# raccoon in chimney



## Lefty (Sep 20, 2008)

My mom, who lives alone, has a raccoon living in one of her chimneys. I discovered it when asleep when I opened the flue (closed it real fast because I did not want that thing dropping down and mad in a closed room with me). Can't shoot him in the residential neighborhood. Don't necessarily want to kill him anyway as he is not close to pheasant habitat. Are ***** in chimneys common? Any stories? What is the best way to get rid of him?

thanks


----------



## Bax* (Dec 14, 2008)

When I was about 12 my pops was called to remove a raccoon from a chimney on Walker Lane. Once he caught the raccoon, the owner sealed up the chimney to prevent the animal from returning and then asked that the animal be released. A few weeks later he got a call from another person in the same area saying they had a raccoon in their chimney and needed it removed. So he removed it and the owner asked that it be released, and sure enough the raccoon returned for a third time in another person's chimney a few blocks away. So.... after receiving a third request to release the raccoon, my dad said that he would release it out of the area and he took it out and released it from a trap and promptly shot it.


----------



## xxxxxxBirdDogger (Mar 7, 2008)

Invader Zim runs a business called Critter Control. He specializes in this kind of thing. 
801-444-1235 or 1-800-Critter


----------



## justuspr (Mar 3, 2009)

You have to get them out then put a cover over the chimney or they'll just be back in a year or two. Have a chimny company give her quote for capping the chimney (100-150 bucks most likely)


----------



## Lefty (Sep 20, 2008)

THANKS


----------



## lehi (Sep 13, 2007)

I would call Zim. I hear he is immune to rabies.


----------



## Bears Butt (Sep 12, 2007)

Raccoons are like cats, you take them away and release them and a few days later there they are again. You should kill them as they are a menace whether they are near pheasants or not. They will get into everything and they eat everything. They can carry rabies and they kill cats, dogs etc. Nothing is exempt from a raccoon. They all need to be dead.


----------



## OKEE (Jan 3, 2008)

Get it out before it has babies . Then the fun really starts.


----------



## Snipe (Dec 4, 2008)

If you catch them isn't it unlawful to release them. Pretty sure you have to kill them.


----------



## Al Hansen (Sep 7, 2007)

Bowl of ammonia in the fire pit. When the raccoon leaves (and the babies) cover the chimney with a wire mesh cover. Then trim the trees and bushes so they can't get to the roof.


----------



## Mojo1 (Sep 8, 2007)

Build a fire in the fire place, pretty sure he will leave on his own accord, if he don't you can have barbqued **** for supper.


----------



## Bax* (Dec 14, 2008)

Al Hansen said:


> Bowl of ammonia in the fire pit. When the raccoon leaves (and the babies) cover the chimney with a wire mesh cover. Then trim the trees and bushes so they can't get to the roof.

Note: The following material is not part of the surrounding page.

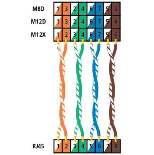 LinkIQ如何識別M12X、M12D、M8D 端接線纜的接線圖。
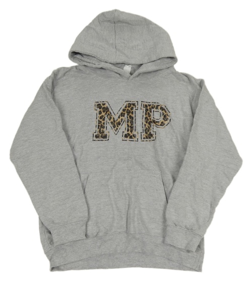 Šedá melírovaná mikina s písmenky a kapsou a kapucí

Thats an idea that I have never heard before. Have you used it in the past Al?


----------



## Al Hansen (Sep 7, 2007)

Bax* said:


> [quote="Al Hansen":xwsc70r1]Bowl of ammonia in the fire pit. When the raccoon leaves (and the babies) cover the chimney with a wire mesh cover. Then trim the trees and bushes so they can't get to the roof.


Thats an idea that I have never heard before. Have you used it in the past Al?[/quote:xwsc70r1]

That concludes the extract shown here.